Retention sweep stuck

  • Alert: OrbitalRegRetentionSweepStuck (severity warning, subsystem retention).
  • Trips when: no retention_sweep_duration_seconds observation in the last 24 hours.
  • Triage:
    1. Filter logs on component=retention_sweeper and look for the last successful tick.
    2. The sweeper runs hourly inside the API process; an absent metric means the goroutine has exited or wedged.
    3. If logs show repeated panics, restart the API; the sweeper will re-arm on next boot.

Scan jobs failing

  • Alert: OrbitalRegScanJobsFailing (severity warning, subsystem scan).
  • Trips when: the failure-outcome share of terminal scan jobs exceeds 20% over 15 minutes, sustained for 30 minutes.
  • Triage:
    1. Per-scanner duration p99 isolates the misbehaving backend.
    2. Filter logs on component=scan_dispatcher and level=error for the crash details.
    3. If a single scanner is the culprit, disable it via Admin → Detection → Scanners until the upstream image is fixed.

Log volume spike

  • Alert: OrbitalRegLogVolumeSpike (severity warning, subsystem logging).
  • Trips when: the aggregate log_lines_emitted_total rate over the last 5 minutes is more than 5× the rolling baseline from the previous hour, sustained for 10 minutes.
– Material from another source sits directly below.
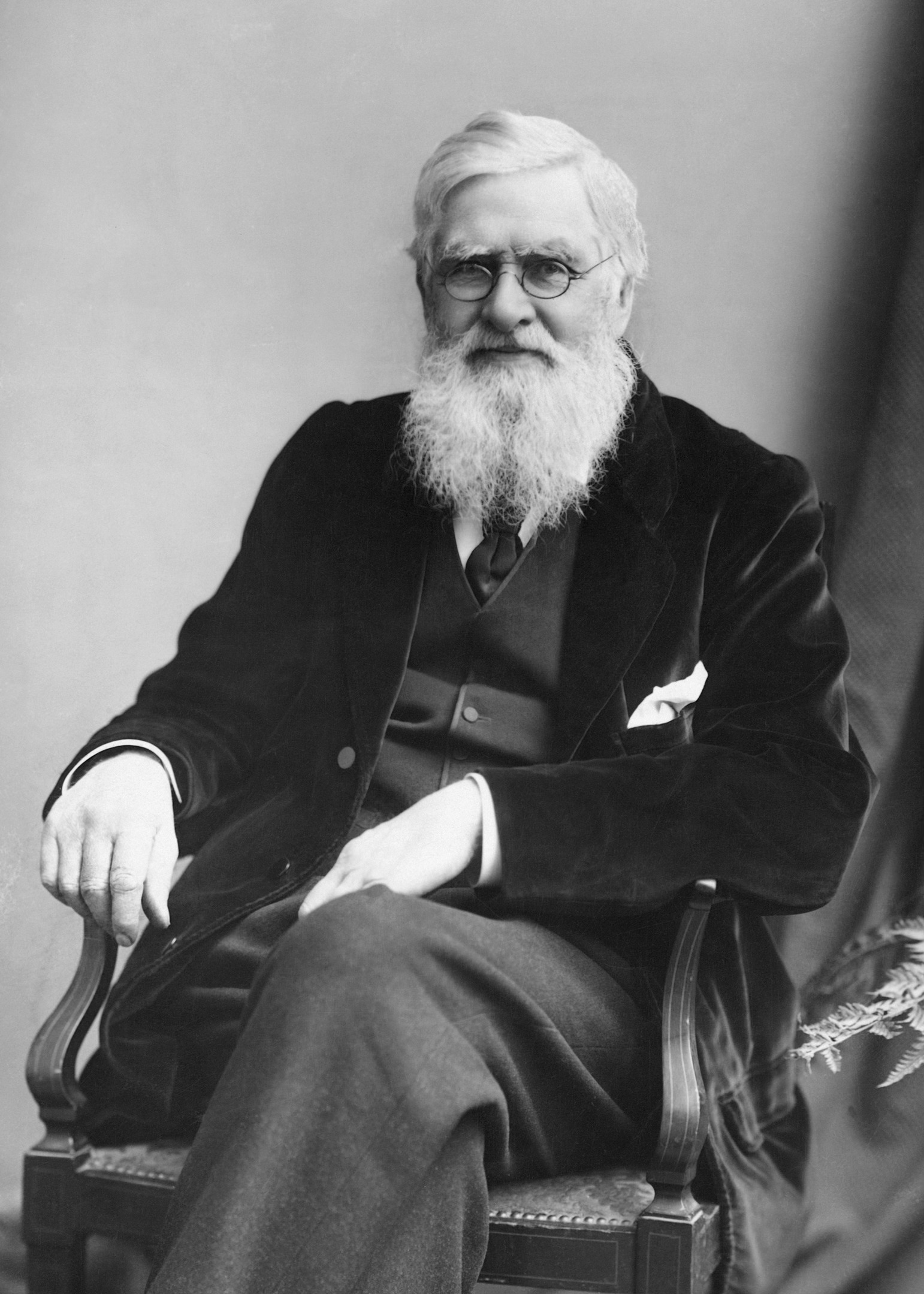 Alfred Russel Wallace sought to calm the enthusiasm for eugenics. 'Leave hereditary alone', he implored. (⇲ Public Domain) Photograph London Stereoscopic and Photographic Company, c.1895.

The baseline is the same counter rated over the prior 1h with offset 1h so steady-state growth (organic load) does not page; a sudden spike does.
  • Common causes:
    • A handler stuck in a retry loop emitting one error per retry.
    • A scanner re-emitting the same error per artifact (typically component=scan_dispatcher).
    • A frontend client-error storm (item 71 Phase E — component=frontend) — usually a render loop or unhandled promise rejection introduced by a recent deploy.
    • A new background worker added without a sensible log level (e.g. an importer logging one line per processed item at info).
  • Triage:
    1. PromQL topk(5, sum by (component, level) (rate(log_lines_emitted_total[5m]))) to find the noisy source.
    2. Pivot the SIEM to that component / level — the offending records will already be in the index.
    3. If component=frontend, the rate-limited /api/v1/client-logs endpoint backstop will eventually shed the spam, but a deploy revert is faster than waiting for the bucket to drain.
    4. For server-side spam, drop the offender to warn via ORBITALREG_LOG_LEVEL only if the rate is actively burning downstream SIEM ingestion budget — otherwise fix the loop and ship.

Verifying the bundle locally

The Makefile targets work from a fresh checkout — useful when operators want to verify the assets before importing them into a locked-down production stack:

bash
# Validates docs/grafana/*.json: schema version, metric refs,
# panel shape. Fails if any panel target references a metric not
# declared in api/internal/metrics/.
make grafana-dashboard-test

# Validates docs/prometheus/orbitalreg.alerts.yaml: alert shape,
# severity / summary / description / runbook_url presence, metric
# refs against the same canonical registry, sanity floors.
make prometheus-alerts-test

Both run inside CI on every change to either the registry or the asset files, so a metric rename can never silently desync the bundled dashboards or alerts.

Out of scope (today)

  • Push-mode export. Prometheus is pull-only; an OTLP push path via the OpenTelemetry Collector lands later, when customer demand surfaces.
  • Per-tenant metrics. Single-tenant assumption holds; a multi-tenant deployment would need a tenant_id label retrofit across the registry.
  • Saturation forecasting. No baked-in capacity-planner panels — the Grafana built-in trend overlays are sufficient until a customer asks for predictive saturation.
  • StatsD / Graphite export. Prometheus only; an in-house exporter is the recommended bridge for legacy observability stacks.

Released under the Apache-2.0 License.